/---

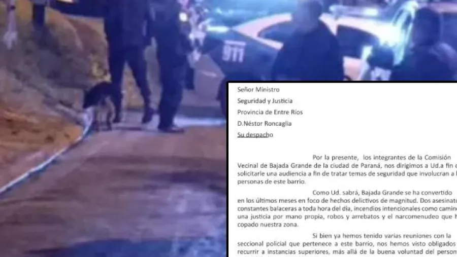 Vecinos del barrio Bajada Grande, de Paraná, denuncian una escalada de violencia armada vinculada al narcomenudeo, protagonizada por bandas integradas por jóvenes y adolescentes. En ese marco, solicitaron formalmente una audiencia con el ministro de Seguridad de la provincia, Néstor Roncaglia, y con el jefe de la Departamental Paraná de Policía, comisario Hernán Walter Góngora, para exigir medidas de prevención y mayor presencia estatal en el territorio.
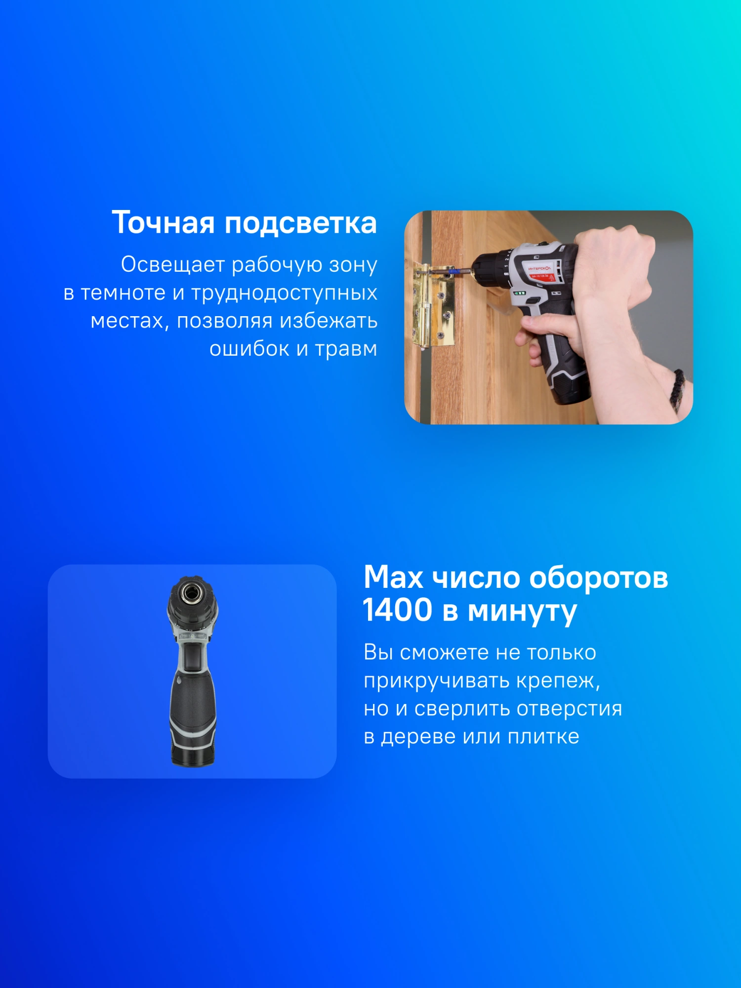 Функция реверс; Контроллер с функцией отключения двигателя при перегрузке; Индикатор уровня остаточного заряда
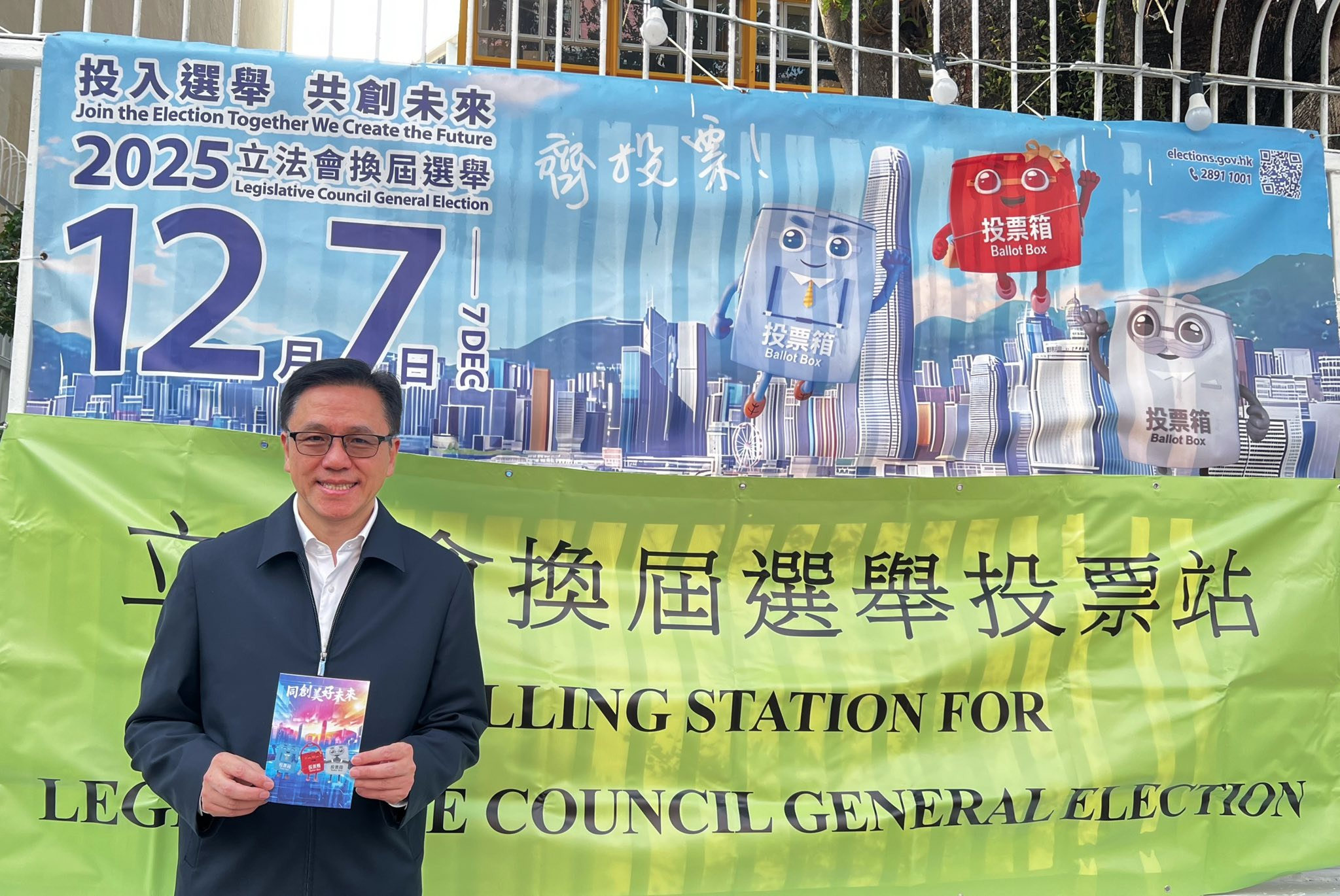 政制及內地事務局局長曾國衞早上到灣仔會展的選委會界別票站巡視,之後前往東區少年警訊會所投票站投票。他形容立法會選舉對香港,對行穩致遠、一國兩制,以至良政善治、由治及興,甚至對大埔火災善後工作亦非常重要,呼籲踴躍投票。

\---

### Work instruction
Your answer must be an exact copy of the lines from the line with "Функция реверс; Контроллер" to the final line of the data, both ends included, and no pictures.

### Solution to the exercise
 Функция реверс; Контроллер с функцией отключения двигателя при перегрузке; Индикатор уровня остаточного заряда
 政制及內地事務局局長曾國衞早上到灣仔會展的選委會界別票站巡視,之後前往東區少年警訊會所投票站投票。他形容立法會選舉對香港,對行穩致遠、一國兩制,以至良政善治、由治及興,甚至對大埔火災善後工作亦非常重要,呼籲踴躍投票。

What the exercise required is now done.